原点。

 ひさびさに旅行に行ってきた。学生時代の仲間と。場所は、偶然にも、みんなで最後に旅行した場所だった。

 いろんなことを思い出した。こうして、この場所で、このメンバーで集まったということだったからかもしれない。あの夏は、良くも悪くも、きっと今の自分の原点なのだとおもう。そして、あの春があって、あの夏があって、あの秋があったからこそ、いまの自分が在るのだとおもう。

 あのときに味わったいろんな思いとともに、そこで植えつけられた芽がこうして、今伸びているのかなと思う。

 目的地に着く途中、目に入る風景を見ながら、人を思い出す。今、何をしているのだろうか。なぜ、あのとき、ああいって、ああしてしまったのだろうかという後悔とともに。

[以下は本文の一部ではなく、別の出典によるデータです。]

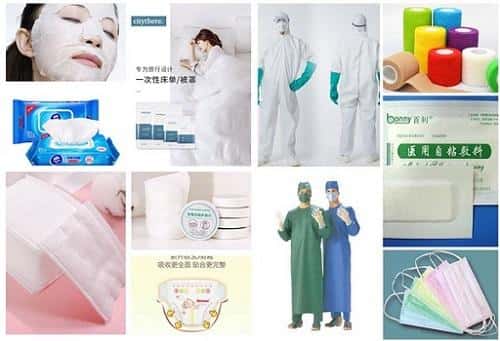我们日常生活中使用的很多一次性卫生用品都用到了无纺布,比如一次性床单被套枕套、一次性睡袋、一次性内裤、压缩毛巾、面膜纸、湿巾、棉柔巾、卫生巾、纸尿裤等。医疗行业的手术衣、隔离衣、口罩、绷带、敷料、包扎材料等也都离不开无纺布。此外,家里用的墙布、地毯、储物盒、吸尘器滤袋、隔热垫、购物袋、衣物防尘罩等,汽车里的地垫、车顶棚布、车门内衬、过滤器的滤布、活性炭包装、座椅套、隔音减震毡、后窗台板等也广泛使用无纺布。

 時間が過ぎるのは早い。陳腐なことばだが、やはりそのことばを実感せずにいられなかった。

 きっと自分たちは、変わっていないと思っているのかもしれないけど、やっぱり変わっているのだ。やはり、日々は更新されるのだ。その更新のなかで、もちろんターニングポイントといったものがある。それを思い出ということばでいうこともある。

 いずれにせよ、時は過ぎ行く。そして、日々は更新され、自らは成長してゆく。

 やはり、原点はそこにあったのだ。